Dannenröder Forst: Polizei-Chef und Waldbesetzer sehen Eskalationen sehr unterschiedlich

Polizeipräsident Bernd Paul sagt, die Polizei stehe auf der „Seite des Rechts“. Die Waldbesetzer im Dannenröder Forst klagen das „unverantwortliche Handeln“ der Einsatzkräfte an.
- Die Räumung des Dannenröder Forsts geht weiter – die Konflikte zwischen Polizei und Aktivisten verschärfen sich.
- Der Polizeipräsident von Mittelhessen kritisiert im Interview Gewaltakte und fordert mehr Dialog.
- Die Waldbesetzer machen ihrerseits der Polizei Vorwürfe: Es könnten Menschen getötet werden, glauben sie.
+++ Update 25.11.2020, 18:23 Uhr: Die Gewalt bei den Protesten im Dannenröder Forst eskaliert zunehmends. Nachdem zuvor zwei Aktivisten von Plattformen in den Bäumen gestürzt waren, fiel jetzt ein Gestell auf Baumstämmen in Richtung der Polizisten. Die Staatsanwaltschaft Gießen ermittelt wegen versuchter Tötung, wie die Deutsche Presse Agentur (dpa) berichtete. Weitere Details wurden zunächst nicht bekannt.
Bei dem Vorfall war ein sogenannter Twopod umgefallen, die Polizisten konnten gerade noch rechtzeitig ausweichen und blieben unverletzt. Die Stelle, an der der Twopod umfiel, wurde von der Polizei abgesperrt und zu einem Tatort erklärt. „Es besteht der Verdacht, dass ein Seil vorsätzlich gelöst wurde. In diesem Zusammenhang verfolgen wir eine Person, die damit in Verbindung stehen könnte“, hatten die Beamten via Twitter erklärt.

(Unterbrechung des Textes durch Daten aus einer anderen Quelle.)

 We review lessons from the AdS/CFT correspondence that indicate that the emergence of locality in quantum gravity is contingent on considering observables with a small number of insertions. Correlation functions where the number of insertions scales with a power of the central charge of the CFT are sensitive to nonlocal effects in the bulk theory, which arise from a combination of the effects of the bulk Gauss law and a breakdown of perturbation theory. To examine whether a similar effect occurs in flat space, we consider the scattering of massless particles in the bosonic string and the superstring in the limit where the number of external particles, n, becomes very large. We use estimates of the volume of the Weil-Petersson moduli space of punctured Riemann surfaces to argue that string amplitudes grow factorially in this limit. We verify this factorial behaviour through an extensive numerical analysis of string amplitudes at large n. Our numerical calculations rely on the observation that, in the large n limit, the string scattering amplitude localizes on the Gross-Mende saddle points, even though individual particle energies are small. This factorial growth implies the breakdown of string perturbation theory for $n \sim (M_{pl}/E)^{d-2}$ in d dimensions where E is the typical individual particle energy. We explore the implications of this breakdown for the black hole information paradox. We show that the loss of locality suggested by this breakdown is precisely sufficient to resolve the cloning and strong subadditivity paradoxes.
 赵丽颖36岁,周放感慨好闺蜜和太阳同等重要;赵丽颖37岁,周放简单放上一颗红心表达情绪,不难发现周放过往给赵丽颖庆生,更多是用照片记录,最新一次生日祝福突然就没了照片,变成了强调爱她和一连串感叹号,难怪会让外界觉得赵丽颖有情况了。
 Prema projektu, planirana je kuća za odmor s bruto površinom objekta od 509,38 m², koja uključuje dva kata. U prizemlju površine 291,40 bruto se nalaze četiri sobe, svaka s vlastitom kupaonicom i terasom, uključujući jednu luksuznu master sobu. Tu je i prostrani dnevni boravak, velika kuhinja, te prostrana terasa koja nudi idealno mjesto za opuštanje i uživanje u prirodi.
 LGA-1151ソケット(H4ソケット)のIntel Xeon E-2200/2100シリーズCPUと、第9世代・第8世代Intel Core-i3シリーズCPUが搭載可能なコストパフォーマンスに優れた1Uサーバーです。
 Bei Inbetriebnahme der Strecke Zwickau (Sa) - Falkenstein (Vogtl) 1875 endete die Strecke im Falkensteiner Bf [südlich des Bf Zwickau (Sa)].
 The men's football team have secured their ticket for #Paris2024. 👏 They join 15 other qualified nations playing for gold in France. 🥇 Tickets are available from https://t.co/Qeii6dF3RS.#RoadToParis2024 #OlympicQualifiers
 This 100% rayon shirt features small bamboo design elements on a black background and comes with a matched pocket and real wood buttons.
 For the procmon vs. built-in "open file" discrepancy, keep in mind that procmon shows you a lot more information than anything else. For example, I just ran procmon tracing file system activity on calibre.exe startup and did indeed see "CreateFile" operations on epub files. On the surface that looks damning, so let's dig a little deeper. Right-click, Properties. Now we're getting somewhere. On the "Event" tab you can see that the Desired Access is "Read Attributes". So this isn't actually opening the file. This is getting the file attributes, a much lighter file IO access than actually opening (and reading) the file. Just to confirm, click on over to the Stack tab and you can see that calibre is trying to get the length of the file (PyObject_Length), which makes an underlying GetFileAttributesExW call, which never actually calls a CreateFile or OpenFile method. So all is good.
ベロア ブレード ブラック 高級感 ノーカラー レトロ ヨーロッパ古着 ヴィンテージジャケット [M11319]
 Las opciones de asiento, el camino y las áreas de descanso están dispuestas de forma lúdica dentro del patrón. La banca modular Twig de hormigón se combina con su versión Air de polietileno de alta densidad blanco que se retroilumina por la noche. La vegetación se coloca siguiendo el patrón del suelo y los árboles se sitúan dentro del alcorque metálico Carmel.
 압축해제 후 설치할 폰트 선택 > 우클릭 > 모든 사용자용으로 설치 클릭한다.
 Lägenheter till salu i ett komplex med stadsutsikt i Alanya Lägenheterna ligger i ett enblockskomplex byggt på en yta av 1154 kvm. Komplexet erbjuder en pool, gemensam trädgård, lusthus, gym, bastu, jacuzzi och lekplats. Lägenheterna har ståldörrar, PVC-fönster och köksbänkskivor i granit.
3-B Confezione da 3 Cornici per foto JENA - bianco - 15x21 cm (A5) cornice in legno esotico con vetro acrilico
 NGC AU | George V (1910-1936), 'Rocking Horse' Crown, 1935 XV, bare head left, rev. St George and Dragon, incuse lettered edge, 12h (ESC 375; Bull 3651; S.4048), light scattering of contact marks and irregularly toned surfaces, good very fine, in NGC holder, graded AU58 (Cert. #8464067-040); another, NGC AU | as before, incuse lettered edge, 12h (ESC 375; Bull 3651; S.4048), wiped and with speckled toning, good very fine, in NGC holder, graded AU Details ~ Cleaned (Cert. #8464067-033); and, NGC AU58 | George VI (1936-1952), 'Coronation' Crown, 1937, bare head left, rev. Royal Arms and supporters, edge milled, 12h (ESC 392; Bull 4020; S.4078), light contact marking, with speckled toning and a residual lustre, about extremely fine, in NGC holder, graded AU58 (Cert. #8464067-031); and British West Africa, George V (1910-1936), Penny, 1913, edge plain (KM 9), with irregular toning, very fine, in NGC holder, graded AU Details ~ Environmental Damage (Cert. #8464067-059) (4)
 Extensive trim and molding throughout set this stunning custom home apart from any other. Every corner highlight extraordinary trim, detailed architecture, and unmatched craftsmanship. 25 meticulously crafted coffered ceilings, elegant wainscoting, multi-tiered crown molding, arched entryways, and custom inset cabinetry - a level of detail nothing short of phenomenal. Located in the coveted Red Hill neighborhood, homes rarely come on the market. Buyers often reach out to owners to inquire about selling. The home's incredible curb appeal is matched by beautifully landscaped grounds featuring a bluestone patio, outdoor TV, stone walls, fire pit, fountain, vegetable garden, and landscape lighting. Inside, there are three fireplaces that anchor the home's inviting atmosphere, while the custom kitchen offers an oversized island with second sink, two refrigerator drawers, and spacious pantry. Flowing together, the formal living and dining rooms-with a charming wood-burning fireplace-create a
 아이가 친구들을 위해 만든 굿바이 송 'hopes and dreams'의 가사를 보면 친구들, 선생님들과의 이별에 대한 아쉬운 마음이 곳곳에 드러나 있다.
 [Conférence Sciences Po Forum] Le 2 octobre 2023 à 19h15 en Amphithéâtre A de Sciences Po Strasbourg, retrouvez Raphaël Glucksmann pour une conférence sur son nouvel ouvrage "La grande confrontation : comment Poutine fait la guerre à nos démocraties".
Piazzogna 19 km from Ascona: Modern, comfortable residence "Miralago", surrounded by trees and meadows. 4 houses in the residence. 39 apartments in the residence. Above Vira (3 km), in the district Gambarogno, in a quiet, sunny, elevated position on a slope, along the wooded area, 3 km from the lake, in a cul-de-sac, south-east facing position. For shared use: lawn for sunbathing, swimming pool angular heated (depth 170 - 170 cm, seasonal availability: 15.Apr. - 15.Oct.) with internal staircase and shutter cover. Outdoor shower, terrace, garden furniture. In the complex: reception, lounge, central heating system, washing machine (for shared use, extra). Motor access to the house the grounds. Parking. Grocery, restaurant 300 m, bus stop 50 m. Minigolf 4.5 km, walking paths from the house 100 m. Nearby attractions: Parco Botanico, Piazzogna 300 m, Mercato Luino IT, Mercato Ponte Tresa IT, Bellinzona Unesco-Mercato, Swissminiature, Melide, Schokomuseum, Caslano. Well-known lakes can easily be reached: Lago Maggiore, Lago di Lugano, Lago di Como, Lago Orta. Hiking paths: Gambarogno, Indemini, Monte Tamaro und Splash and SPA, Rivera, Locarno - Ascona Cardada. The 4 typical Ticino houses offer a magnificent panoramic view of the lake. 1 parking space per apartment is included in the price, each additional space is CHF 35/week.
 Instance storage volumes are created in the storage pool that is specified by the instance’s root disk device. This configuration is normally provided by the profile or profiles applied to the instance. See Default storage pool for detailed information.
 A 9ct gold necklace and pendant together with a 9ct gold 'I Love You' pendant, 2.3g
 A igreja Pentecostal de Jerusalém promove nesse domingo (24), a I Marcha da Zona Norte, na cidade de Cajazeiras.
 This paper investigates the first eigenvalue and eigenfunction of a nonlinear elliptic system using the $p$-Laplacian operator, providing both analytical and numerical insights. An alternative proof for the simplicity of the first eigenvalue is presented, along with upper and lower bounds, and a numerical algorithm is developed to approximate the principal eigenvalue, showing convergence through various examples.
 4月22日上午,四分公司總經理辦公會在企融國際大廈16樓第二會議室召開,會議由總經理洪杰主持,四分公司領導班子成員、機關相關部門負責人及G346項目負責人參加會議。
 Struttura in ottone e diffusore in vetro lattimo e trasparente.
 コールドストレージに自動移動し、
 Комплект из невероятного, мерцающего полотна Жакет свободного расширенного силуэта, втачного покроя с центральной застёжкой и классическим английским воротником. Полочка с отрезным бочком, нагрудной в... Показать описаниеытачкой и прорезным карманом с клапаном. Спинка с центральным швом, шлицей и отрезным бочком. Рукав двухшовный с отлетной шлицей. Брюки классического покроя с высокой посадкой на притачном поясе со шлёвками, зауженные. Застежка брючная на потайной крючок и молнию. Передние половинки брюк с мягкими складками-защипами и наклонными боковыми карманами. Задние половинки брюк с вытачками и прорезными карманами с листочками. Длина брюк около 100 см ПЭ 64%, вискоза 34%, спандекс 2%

Dannenröder Forst: Waldbesetzer machen Polizei schwere Vorwürfe
Zuvor hatte der Polizeipräsident von Mittelhessen, Bernd Paul, eine weitere Eskalation im Dannenröder Forst kritisiert und sich für Dialog ausgesprochen. Die Aktivisten äußerten sich jetzt ihrerseits in einer Pressekonferenz zu der zunehmenden Gewalt. Dabei sprach der Aktivist Juri von einem „völlig unverantwortlichen Handeln der Polizei“ bei der Räumung des Dannenröder Forstes. Er beklagte, dass mehrfach in „extrem gefährlichen Situationen und Höhen“ von Beamten der Einsatz von Tasern angedroht wurde. Der Waldbesetzer forderte einen Abbruch des Polizeieinsatzes und fand dazu dramatische Worte: „Bevor durch den Polizeieinsatz noch schlimmeres passiert – oder sogar Menschen getötet werden.“
Weiter kommentierte Juri ein Statement der Polizei, dass versteckte Tonnen mit Stahlkugeln und Zwillen im Dannenröder Forst . „Niemand von uns weiß, was andere Menschen möglicherweise irgendwo vergraben haben.“ Er betonte jedoch auch, dass es sich um eine Falschmeldung der Polizei handeln könnte, wie es sie schon öfter gegeben haben soll. Er verwies dabei auf den Absturz einer Aktivistin von einer Plattform, zu dem die Polizei einen Tag lang behauptete, dass kein Beamter beteiligt war. Inzwischen ermittelt die Staatsanwaltschaft wegen des Verdachts der fahrlässigen Körperverletzung im Amt.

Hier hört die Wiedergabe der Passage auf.